Long-term returns are unsustainable.
I realize that is a bold statement that flies in the face of mainstream analysis. How often have you seen the following chart presented by an advisor suggesting if you had invested 120 years ago, you would have obtained a 10% annualized return?
This article was written by Lance Roberts and originally published by Real Investment Advice.
It is a true statement that over the very long term, stocks have returned roughly 6% from capital appreciation and 4% from dividends on a nominal basis. However, since inflation has averaged approximately 2.3% over the same period, real returns are closer to 8% annually on average.
The chart below shows the average annual inflation-adjusted total returns (dividends included) since 1928. I used the total return data from Aswath Damodaran, a Stern School of Business professor at New York University. The chart shows that from 1928 to 2021, the market returned 8.48% after inflation. However, notice that after the financial crisis in 2008, returns jumped by an average of four percentage points for the various periods.
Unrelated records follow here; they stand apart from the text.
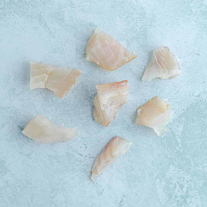 Misshapes are nice pieces of fish that are left over when we make steaks. They're often very irregular shapes but they are still absolutely delicious. You could cook them up by themselves - just flash fry in butter - or mix a few packs up to make a fish stew of fish pie.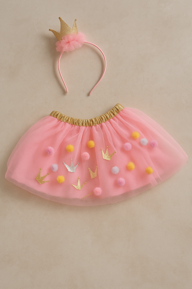 Красив и фееричен костюм на принцеса, включващ поличка и диадема с корона.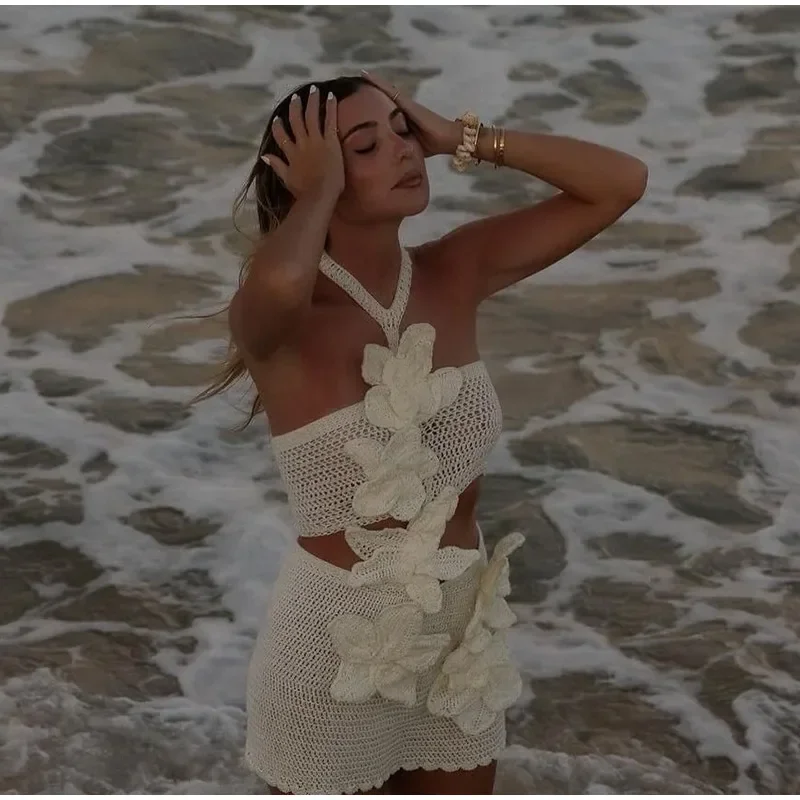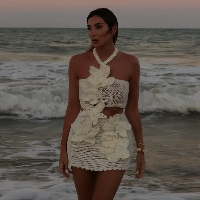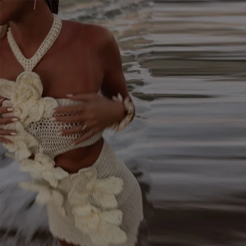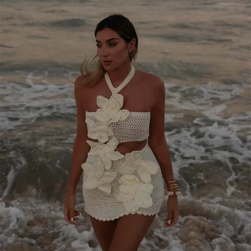 Este vestido curto é uma verdadeira obra de arte feita à mão, criado para mulheres que valorizam exclusividade, leveza e sofisticação nos dias de verão. Confeccionado artesanalmente em trama delicada, ele se destaca pelas flores aplicadas manualmente, que adicionam textura, charme e um acabamento único à peça.

After more than a decade, many investors have become complacent in expecting elevated rates of return from the financial markets. However, can those expectations continue to get met in the future?
The Fed Did It
It is likely no surprise that the surge in returns following the “Financial Crisis” resulted from the Fed’s repeated monetary interventions and zero interest rate policy.
As discussed, those actions and fiscal interventions from the government created the most significant financial bubble in history.
(Usually, when charting long-term stock market prices, I would use a log-scale to minimize the impact of large numbers on the whole. However, in this instance, such is not appropriate as we examine the historical deviations from the underlying growth trend.)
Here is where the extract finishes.